Nguyen: You’ve interviewed many sports legends over the years. Can you share with us some of the favorite folks that you’ve interviewed, or maybe those that were more difficult to interview?
Berman: Let’s just take football. The ones who are still playing in their 30s, and that’s late in their careers [in football terms], they want to do it. They want to be great at it. They [don’t do it for the money because they] have enough money after 10 years if they are fortunate enough to play pro football. There is a drive and a commitment.
I remember the late Walter Payton, you wouldn’t know that he was the all-time rushing leader [at the time]. When you sat and talked with him [he was always about practicing].
Joe Montana is a good friend of mine. He is another soft-spoken one. I asked him, ‘What is it about winning, Joe?’ He goes, ‘Well I’m just like a little kid. I’m afraid to lose.’ I was [surprised] because he had won [a lot].
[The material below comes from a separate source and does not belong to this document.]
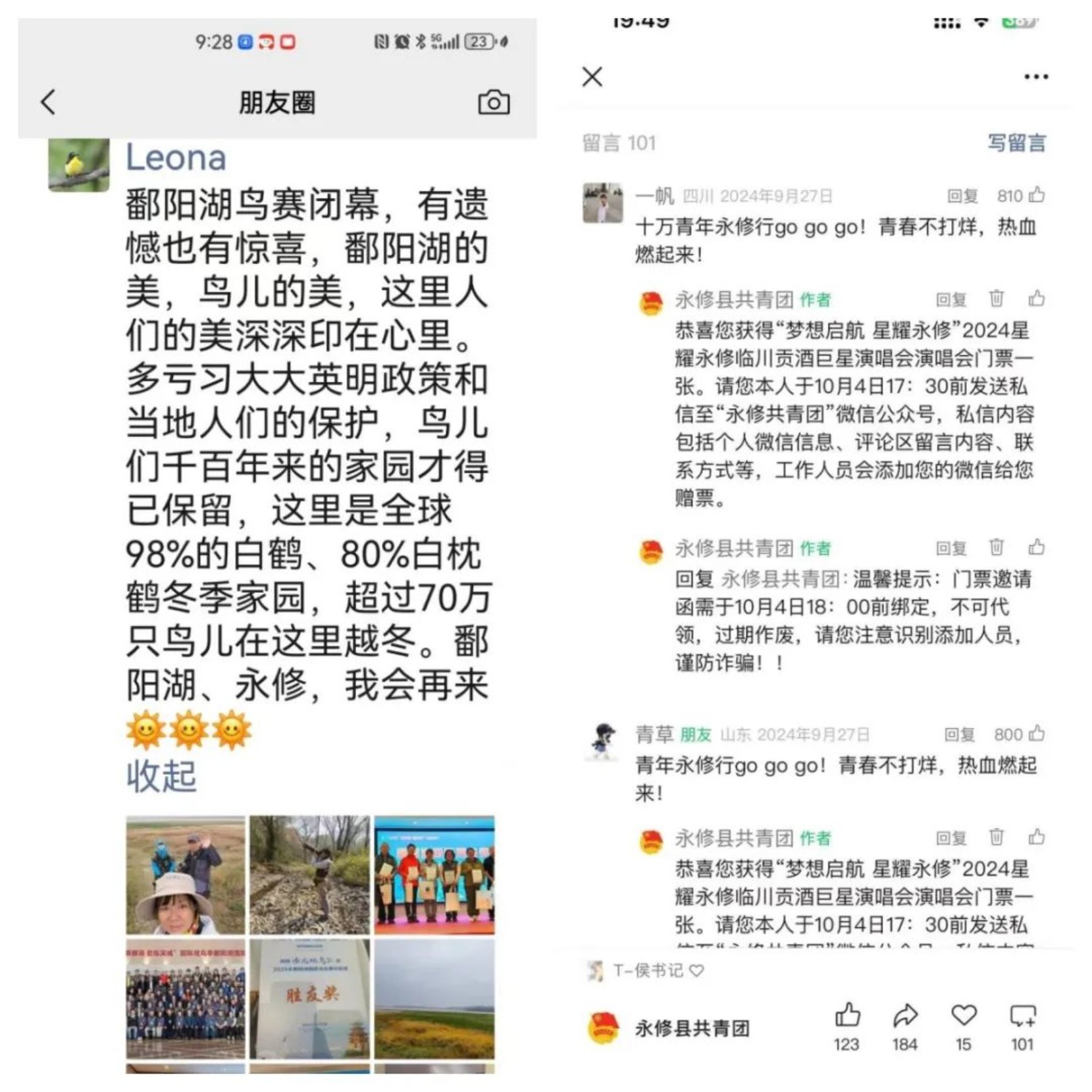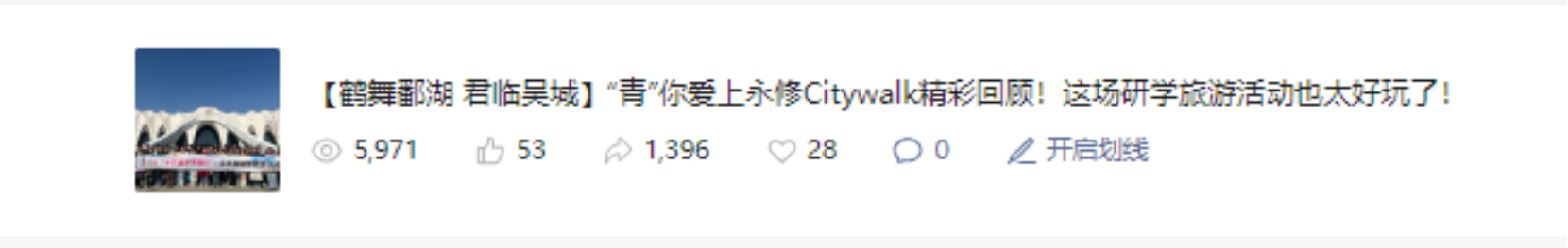 特色融合的研学主题。深入挖掘“旅游+”的潜力,把握观鸟季旅游市场脉搏,结合“2024年鄱阳湖国际观鸟赛”话题,吸引北京大学、同济大学、上海交通大学等20余所高校参加研学活动,点燃研学旅游的新引擎;按照“以文塑旅、以旅彰文”的思路,在“2024星耀永修演唱会”举办之际,宣传“音乐+旅游”游玩攻略,受到社会各界关注和点赞。

So I don’t know who was the best. There are athletes that have such a joy to play the game, even though they know they could get hurt any minute and it’s tough work though the years.
Nguyen: What’s Dan Marino like and where do you rank him in top NFL quarterbacks?
Berman: First, Dan is a great guy, like you all know in this community. When Dan was early in his career, he was pretty standoffish to the media. I think because of all the stuff in the draft … I think he was stung by it – and rightly so. So I think he was a little guarded. At the time, I thought he was a pain in the butt. Now he’s grown into a great friend.
Where does he rank? … He’s good. If anyone put him in the top five, no one would argue. That’s pretty good when they’ve been playing football for almost 100 years.
Nguyen: What’s your take on ‘deflategate’?
Berman: Because no one has played a game [since it happened], and we haven’t moved on from it yet, it seems like, ‘Oh my God.’ But in the big picture, it probably won’t [factor in] very much. I don’t have the answers, and I haven’t read the 243 pages [of the investigation report], yet. It’s hard to connect the dots.
Here’s what we don’t know: If it was going on, how long it was going on – and what I really don’t know but by the time the season starts I’ll have my own opinion – how long has this been going on with how many other teams? I don’t know that. I’d like to think that what they are being penalized for didn’t actually happen the way it went down. If it did, that’s disappointing. It’s too bad because of what they just accomplished. In regards to [Tom Brady’s] legacy, I don’t think we’ll be talking about this in two years. It’ll be remembered, but that’s not why he won four Super Bowls.